Exercise: The records below are to be repeated exactly, and their pictures left out.

* * *

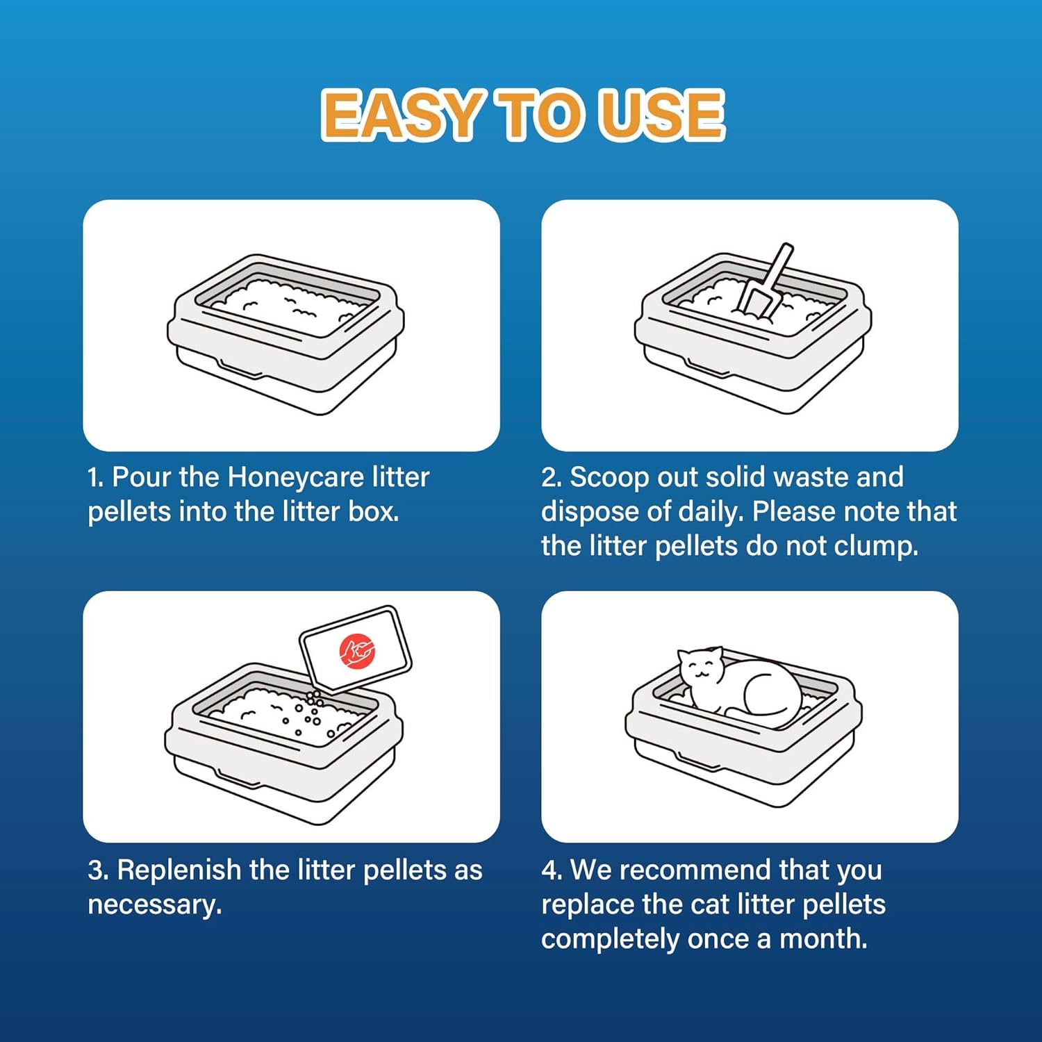 - Directions: Pour the Honeycare litter pellets into the litter box; Scoop out solid waste and dispose of daily; replenish the litter pellets as necessary; we recommend that you replace the cat litter pellets completely once a month.
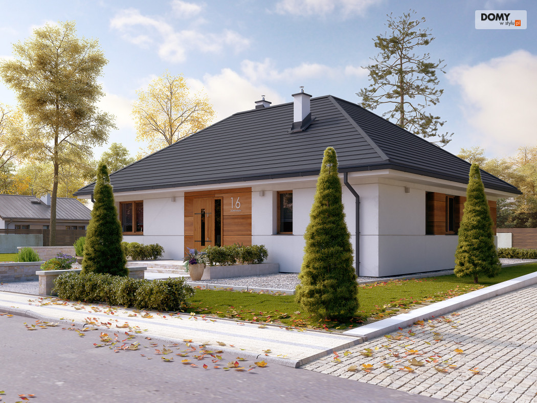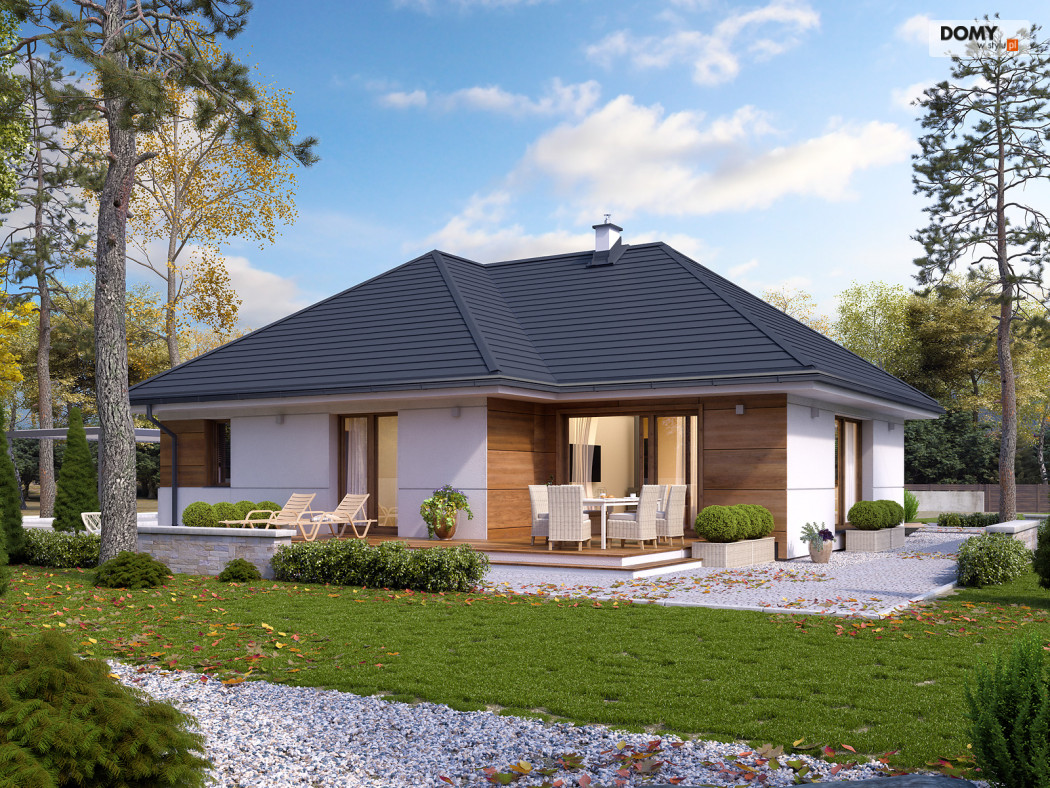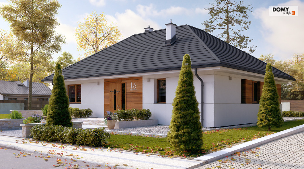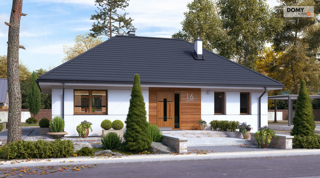 Parterowy projekt domu łączący nowoczesną estetykę z tradycyjną sprawdzoną funkcją. Biała bryła obiektu z drewnianymi akcentami na elewacji w połączeniu z grafitowym dachem i stolarką tworzy elegancką kolorystykę. Układ funkcjonalny to sprawdzony podział na strefę dzienną i nocną. Rozległy salon ze wspaniałym oknem może być miejscem wypoczynku całej rodziny. Kuchnia mimo iż połączona funkcjonalnie z salonem jest jednocześnie wizualnie wydzielona. W kuchni zaprojektowano spiżarnię. W części nocnej znajdziemy dwie sypialnie jedna z nich została zaprojektowana z oddzielną garderobą i łazienką. Na uwagę zasługuje wydzielona funkcjonalnie pralnia oraz duża kotłownia.
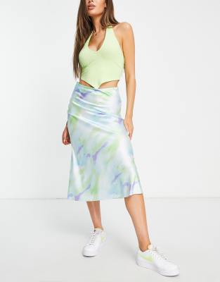 Midi skirt by Monki Love at first scroll All-over tie-dye print High rise Zip-side closure Slim fit
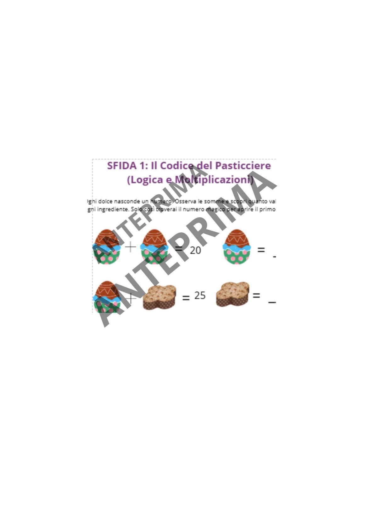 Operazione Pasqua è un kit didattico completo basato sul Cooperative Learning, progettato specificamente per gli alunni della scuola primaria. Le sfide sono pensate per essere risolte in gruppo. Questo stimola il peer-tutoring (i bambini si aiutano a vicenda), la negoziazione e la capacità di lavorare insieme per un obiettivo comune. Grazie ai diversi tipi di sfide (grafiche, logiche e di calcolo), ogni bambino può contribuire secondo le proprie attitudini. Scarica, stampa e la lezione è pronta!
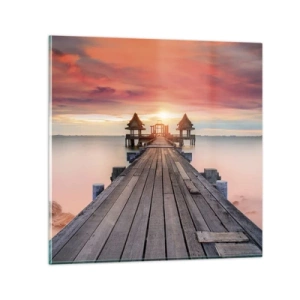 Impression sur verre - Image sur verre - Jetée en bois menant aux belvédères au coucher du soleil - 70x100cm - L'Ouest à l'Est - Décoration murale moderne pour le salon et la chambre ARTTOR
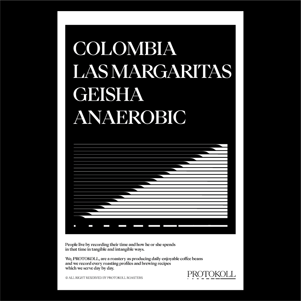 [2022] 4대째 가업을 이어받은 농장주가 관리하는 Las Margaritas 농장은 다양한 품종과 프로세싱을 연구개발하고 있습니다.이 농장은 스페셜티 커피 생산을 위해 매일 지속적으로 환경을 개선하고 변화를 추구하기 위해 항상 노력하고 있습니다.선별된 체리는 밀폐된 탱크에서 96시간 동안 발효된 후 기계식 건조기에서 35도의 온도로 48시간 동안 첫 번째 건조를 진행합니다.1차 건조를 마친 체리는 다시 15일 동안 태양 아래에서 천천히 건조됩니다. 원산지 Colombia지역 Valle del Cauca, Las Margaritas품종 Geisha가공 Anaerobic Natural고도 1,850m 커핑노트 Cupping NoteGrape • Wine • Rose • Tropical Fruit • Bubble Gum포도 • 와인 • 장미 • 열대과일 • 풍선껌 브루잉 가이드 레시피프로토콜의 브루잉 레시피입니다. 이 레시피는 원두 고유의 캐릭터를 또렷하게 느낄 수 있도록 전체적인 밸런스가 잘 느껴지도록 제안합니다. 안내된 방법에 따라 추출하시면, 프로토콜이 생각하는 맛있는 한 잔의 흐름을 가장 안정적으로 즐기실 수 있습니다. 하리오 V60 드리퍼를 기준으로 합니다 추출 전 필터지는 뜨거운 물로 충분히 린싱해 종이 향을 제거하고, 안정적인 추출 환경을 만들어 주세요. [HOT]원두는 18g, 물 온도는 94도를 사용합니다. 다음과 같이 물을 부어줍니다.(뜸) 40g – (30초) 100g – (1분) 80g – (1분 30초) 80g 총 300g의 물을 사용하며,대략적으로 2분 30초 내외로 추출이 완료됩니다. [ICE]원두는 20g, 물 온도는 94도를 사용합니다. 드립 서버에 얼음을 8알 정도를 담고 다음과 같이 물을 부어줍니다.(뜸) 40g – (30초) 60g – (1분) 50g – (1분 30초) 50g 총 200g의 물을 사용하며,대략적으로 2분 10초 내외로 추출이 완료됩니다.
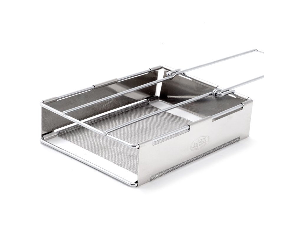 Skládací touster na vařič z nerezové oceli. Ocelová síťka rovnoměrně rozprostře žár pro to nejlepší opečení.
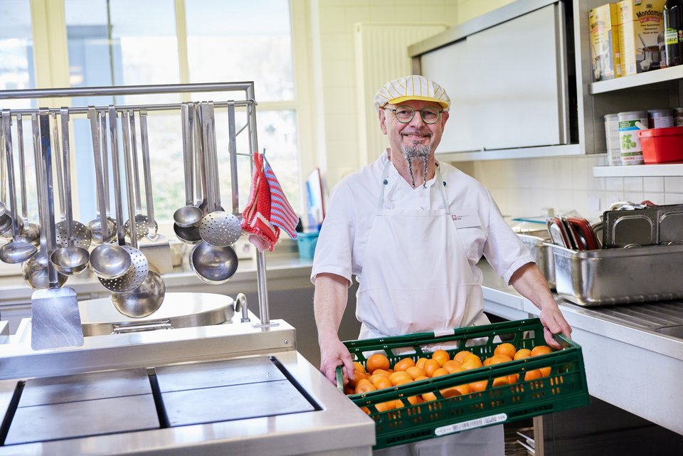 „Wir legen großen Wert darauf, dass sich die uns anvertrauten Personen in einer sauberen und gesunden Umgebung wohlfühlen. Unser ausgewogenes und abwechslungsreiches Angebot an frischen, saisonalen und regionalen Speisen soll lecker und gesundheitsfördernd sein“, betont Christiane Stauer, hauswirtschaftliche Leitung in den Caritas-Zentren Wenden und Olpe. Dass die Profession der Hauswirtschaft gerade in den Einsatzbereichen, wo viele Menschen leben und zusammenkommen, „unverzichtbar“ ist und die „Tätigkeiten unserer Teams ein breites Spektrum bedienen“, steht für Christiane Stauer und ihre Kolleginnen und Kollegen außer Frage. Klaus Schmelzer, hauswirtschaftlicher Leiter des Caritas-Zentrums in Finnentrop, hebt hervor, dass sich die Ausbildung erheblich weiterentwickelt hat, um den gesellschaftlichen und wirtschaftlichen Anforderungen gerecht zu werden. Schließlich müsse der Beruf zeitgemäßer gestaltet werden, um Mitarbeitende zu gewinnen. „Ja, auch uns plagen Nachwuchssorgen!“, bringt es Klaus Schmelzer auf den Punkt. „Interessierte, insbesondere junge Menschen und Quereinsteiger, sind herzlich eingeladen, sich bei uns zu melden und mal in den Beruf hineinzuschnuppern.“
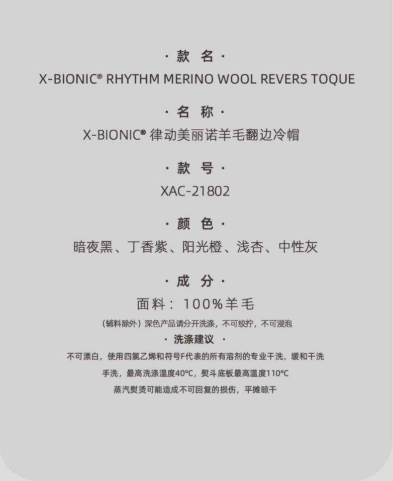 X-BIONIC 律动 羊毛翻边冷帽 运动休闲保暖毛线帽子21802
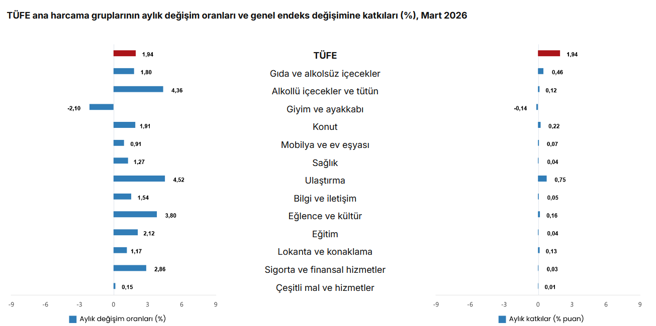 Aylık bazda ise en yüksek artış ulaştırma (%4,52) ve konut, su, elektrik, gaz ve diğer yakıtlar (yüzde 1,91) gruplarında kaydedildi. Gıda ve alkolsüz içeceklerde aylık artış yüzde 1,80 olarak belirlendi.

* * *

Written solution:
 - Directions: Pour the Honeycare litter pellets into the litter box; Scoop out solid waste and dispose of daily; replenish the litter pellets as necessary; we recommend that you replace the cat litter pellets completely once a month.
 Parterowy projekt domu łączący nowoczesną estetykę z tradycyjną sprawdzoną funkcją. Biała bryła obiektu z drewnianymi akcentami na elewacji w połączeniu z grafitowym dachem i stolarką tworzy elegancką kolorystykę. Układ funkcjonalny to sprawdzony podział na strefę dzienną i nocną. Rozległy salon ze wspaniałym oknem może być miejscem wypoczynku całej rodziny. Kuchnia mimo iż połączona funkcjonalnie z salonem jest jednocześnie wizualnie wydzielona. W kuchni zaprojektowano spiżarnię. W części nocnej znajdziemy dwie sypialnie jedna z nich została zaprojektowana z oddzielną garderobą i łazienką. Na uwagę zasługuje wydzielona funkcjonalnie pralnia oraz duża kotłownia.
 Midi skirt by Monki Love at first scroll All-over tie-dye print High rise Zip-side closure Slim fit
 Operazione Pasqua è un kit didattico completo basato sul Cooperative Learning, progettato specificamente per gli alunni della scuola primaria. Le sfide sono pensate per essere risolte in gruppo. Questo stimola il peer-tutoring (i bambini si aiutano a vicenda), la negoziazione e la capacità di lavorare insieme per un obiettivo comune. Grazie ai diversi tipi di sfide (grafiche, logiche e di calcolo), ogni bambino può contribuire secondo le proprie attitudini. Scarica, stampa e la lezione è pronta!
 Impression sur verre - Image sur verre - Jetée en bois menant aux belvédères au coucher du soleil - 70x100cm - L'Ouest à l'Est - Décoration murale moderne pour le salon et la chambre ARTTOR
 [2022] 4대째 가업을 이어받은 농장주가 관리하는 Las Margaritas 농장은 다양한 품종과 프로세싱을 연구개발하고 있습니다.이 농장은 스페셜티 커피 생산을 위해 매일 지속적으로 환경을 개선하고 변화를 추구하기 위해 항상 노력하고 있습니다.선별된 체리는 밀폐된 탱크에서 96시간 동안 발효된 후 기계식 건조기에서 35도의 온도로 48시간 동안 첫 번째 건조를 진행합니다.1차 건조를 마친 체리는 다시 15일 동안 태양 아래에서 천천히 건조됩니다. 원산지 Colombia지역 Valle del Cauca, Las Margaritas품종 Geisha가공 Anaerobic Natural고도 1,850m 커핑노트 Cupping NoteGrape • Wine • Rose • Tropical Fruit • Bubble Gum포도 • 와인 • 장미 • 열대과일 • 풍선껌 브루잉 가이드 레시피프로토콜의 브루잉 레시피입니다. 이 레시피는 원두 고유의 캐릭터를 또렷하게 느낄 수 있도록 전체적인 밸런스가 잘 느껴지도록 제안합니다. 안내된 방법에 따라 추출하시면, 프로토콜이 생각하는 맛있는 한 잔의 흐름을 가장 안정적으로 즐기실 수 있습니다. 하리오 V60 드리퍼를 기준으로 합니다 추출 전 필터지는 뜨거운 물로 충분히 린싱해 종이 향을 제거하고, 안정적인 추출 환경을 만들어 주세요. [HOT]원두는 18g, 물 온도는 94도를 사용합니다. 다음과 같이 물을 부어줍니다.(뜸) 40g – (30초) 100g – (1분) 80g – (1분 30초) 80g 총 300g의 물을 사용하며,대략적으로 2분 30초 내외로 추출이 완료됩니다. [ICE]원두는 20g, 물 온도는 94도를 사용합니다. 드립 서버에 얼음을 8알 정도를 담고 다음과 같이 물을 부어줍니다.(뜸) 40g – (30초) 60g – (1분) 50g – (1분 30초) 50g 총 200g의 물을 사용하며,대략적으로 2분 10초 내외로 추출이 완료됩니다.
 Skládací touster na vařič z nerezové oceli. Ocelová síťka rovnoměrně rozprostře žár pro to nejlepší opečení.
 „Wir legen großen Wert darauf, dass sich die uns anvertrauten Personen in einer sauberen und gesunden Umgebung wohlfühlen. Unser ausgewogenes und abwechslungsreiches Angebot an frischen, saisonalen und regionalen Speisen soll lecker und gesundheitsfördernd sein“, betont Christiane Stauer, hauswirtschaftliche Leitung in den Caritas-Zentren Wenden und Olpe. Dass die Profession der Hauswirtschaft gerade in den Einsatzbereichen, wo viele Menschen leben und zusammenkommen, „unverzichtbar“ ist und die „Tätigkeiten unserer Teams ein breites Spektrum bedienen“, steht für Christiane Stauer und ihre Kolleginnen und Kollegen außer Frage. Klaus Schmelzer, hauswirtschaftlicher Leiter des Caritas-Zentrums in Finnentrop, hebt hervor, dass sich die Ausbildung erheblich weiterentwickelt hat, um den gesellschaftlichen und wirtschaftlichen Anforderungen gerecht zu werden. Schließlich müsse der Beruf zeitgemäßer gestaltet werden, um Mitarbeitende zu gewinnen. „Ja, auch uns plagen Nachwuchssorgen!“, bringt es Klaus Schmelzer auf den Punkt. „Interessierte, insbesondere junge Menschen und Quereinsteiger, sind herzlich eingeladen, sich bei uns zu melden und mal in den Beruf hineinzuschnuppern.“
 X-BIONIC 律动 羊毛翻边冷帽 运动休闲保暖毛线帽子21802
 Aylık bazda ise en yüksek artış ulaştırma (%4,52) ve konut, su, elektrik, gaz ve diğer yakıtlar (yüzde 1,91) gruplarında kaydedildi. Gıda ve alkolsüz içeceklerde aylık artış yüzde 1,80 olarak belirlendi.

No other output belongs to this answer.